I am working over thirty hours a week and staying busy on my off time with chores or trying to rest. I did not expect a job to take up so much of my time. I guess I had forgotten what it is like to be in the workaday world. I am not sure I like the change. My hours are eliminating my time with Alex and I do not like that at all.
The only upside to working is the money, but now that gas prices have skyrocketed there is not so much money being made. Part-time work at an entry level wage just covers transportation costs with a little left over.
I signed my petition for bankruptcy yesterday afternoon and it was filed electronically. I am not happy that I had to do this, but it was the only way I could see out of a truly terrible situation. I hope to reaffirm the debt on the Jeep so that I get to keep it.
Today I received a call from the company I was seeking supportive employment through. I am to meet with one of their representatives Tuesday just to get acquainted. Hopefully they will be able to help me find a job that has a better schedule and possibly better pay.
Alex has all next week off from school, but my schedule is such that I will have very little time with him. I wish I had known in advance that he was to have the week off. I would have asked for some off days to spend with him.

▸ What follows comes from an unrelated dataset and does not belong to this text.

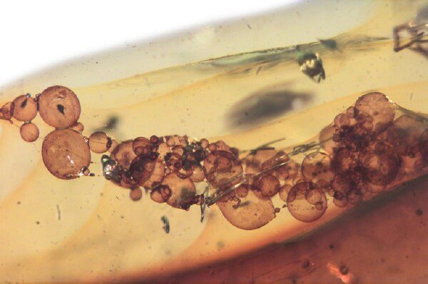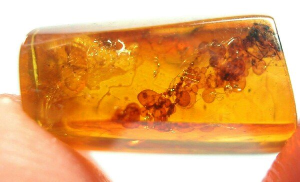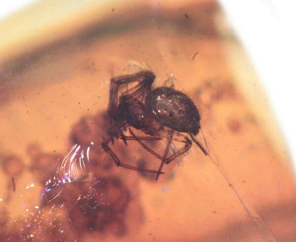 Fossil AmberArachnida, Araneae Geological Time: Oligocene-Miocene Size (25.4mm = 1 inch): Amber: 12 mm long, 8 mm across, Inclusion: 3 mm Fossil Site: Region near Santiago, Dominican Republic Code: DA4009 Price: $95.00 - sold

We got a new dog, but the people who gave her to us decided after a week that they wanted her back so we do not have her anymore. Maybe it is for the best because I did not have much time to spend with her anyway.
There are so many moments
I wish to spend with you
But life intervenes
Leaving only very little time
For stolen minutes alone.
You are my guilty pleasure
The one I hide
Just to keep the peace…
I wish I could revel in our love
But am disallowed by others dear.
Maybe I will grow brave
Enough to stand the censure
Of disapproving relatives,
Until then you are my secret
The one that makes me smile.
© Jo Ann J. A. Jordan
Friday, September 2, 2005
I hope my blog gets no more attention than usual from Alex. He is my main critic in relationship issues these days.